Manuel Beja foi questionado por Hugo Carneiro, do PSD, sobre se, conhecendo o parecer, também o ministro Pedro Nuno Santos devia saber que se aplicava o EGP neste caso. “Não consigo assumir que eu próprio ganhei um conhecimento só porque a dadas páginas ele é referido. Não considero que o ministro tivesse que conhecer”, diz.
“Ao fim de dois anos de TAP e de setor empresarial do Estado, percebo que a legislação aplicável é vastíssima. Conhecia o EGP, não sabia as consequências que tinha em caso de demissão com precisão. Se tivesse não tinha assinado acordo. A boa-fé que pus no processo julgo que foi a boa-fé que todos os intervenientes puseram”, acrescentou. Disse mesmo que se soubesse, “teria usado o EGP para garantir que saída de Alexandra Reis não aconteceria”. Antes já tinha deixado elogios à gestora.
O momento mais exaltado da audição aconteceu quando Filipe Melo, do Chega, afirmou que Manuel Beja teve um almoço com um técnico de manutenção que teria sido colocado durante dias numa sala sozinho durante sete horas e meia para o levar a demitir-se. O deputado acusou o chairman de ter conhecimento da situação e nada fazer. Manuel Beja acusou Filipe Melo de estar a mentir, com o deputado do Chega a exigir de seguida que Manuel Beja se retratasse. Isso não aconteceu, mas Filipe Melo quis que ficasse em ata que iria processar judicialmente o ainda presidente do conselho de administração da TAP. Manuel Beja afirmou que o almoço aconteceu, mas que não ouviu o relato descrito por Filipe Melo.

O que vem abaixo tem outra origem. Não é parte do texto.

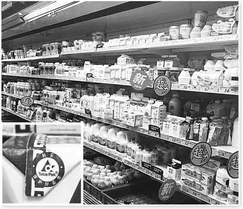 右上圖 利樂包裝讓高溫消毒的無菌奶占據(jù)壓倒性優(yōu)勢,需要冷藏保存的低溫巴氏殺菌奶受到影響。而業(yè)界公認(rèn),低溫奶營養(yǎng)價值更高,跟常溫奶占據(jù)的空間和熱鬧的促銷形成鮮明對比,品種很少。這是超市里的低溫奶專柜。經(jīng)濟(jì)日報記者 佘 穎攝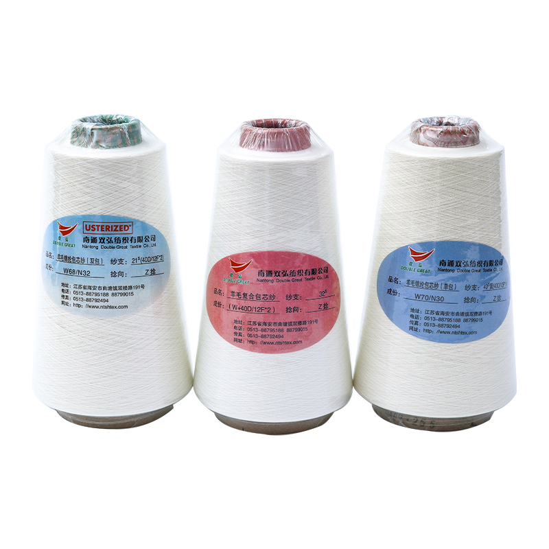 Wool Core-Spun Yarn : 양모를 특징으로하는이 일련의 제품의 포괄적 인 성능 이점을 보유하면서 따뜻한 보존 및 탄력성이 뛰어납니다.

O chairman assinou em conjunto com a CEO da TAP o acordo de cessação de funções da antiga administradora Alexandra Reis, que a Inspeção-Geral de Finanças (IGF) considerou ilegal, por violar o Estatuto do Gestor Público. A 6 de março o ministro das Finanças anunciou a sua demissão, alegando “justa causa” devido ao incumprimento da lei, processo que aguarda ainda a conclusão formal.
O sucessor de Miguel Frasquilho na presidência do conselho de administração da TAP é o quinto a ser ouvido na CPI à gestão da companhia aérea, depois do inspetor-geral de Finanças, do gestor financeiro da transportadora, da CEO e da antiga administradora Alexandra Reis. Manuel Beja foi escolhido pelo antigo ministro das Infraestruturas, Pedro Nuno Santos, e iniciou funções no final de julho de 2021.
A comissão parlamentar de inquérito para “avaliar o exercício da tutela política da gestão da TAP” foi proposta pelo Bloco de Esquerda e aprovada pelo Parlamento no início de fevereiro com as abstenções de PS e PCP e o voto a favor dos restantes partidos. Nasceu da polémica sobre a indemnização de 500 mil euros paga a Alexandra Reis para deixar a administração executiva da TAP em fevereiro de 2022, mas vai recuar até à privatização da companhia em 2015. Tomou posse a 22 de fevereiro, estendendo-se por um período de 90 dias.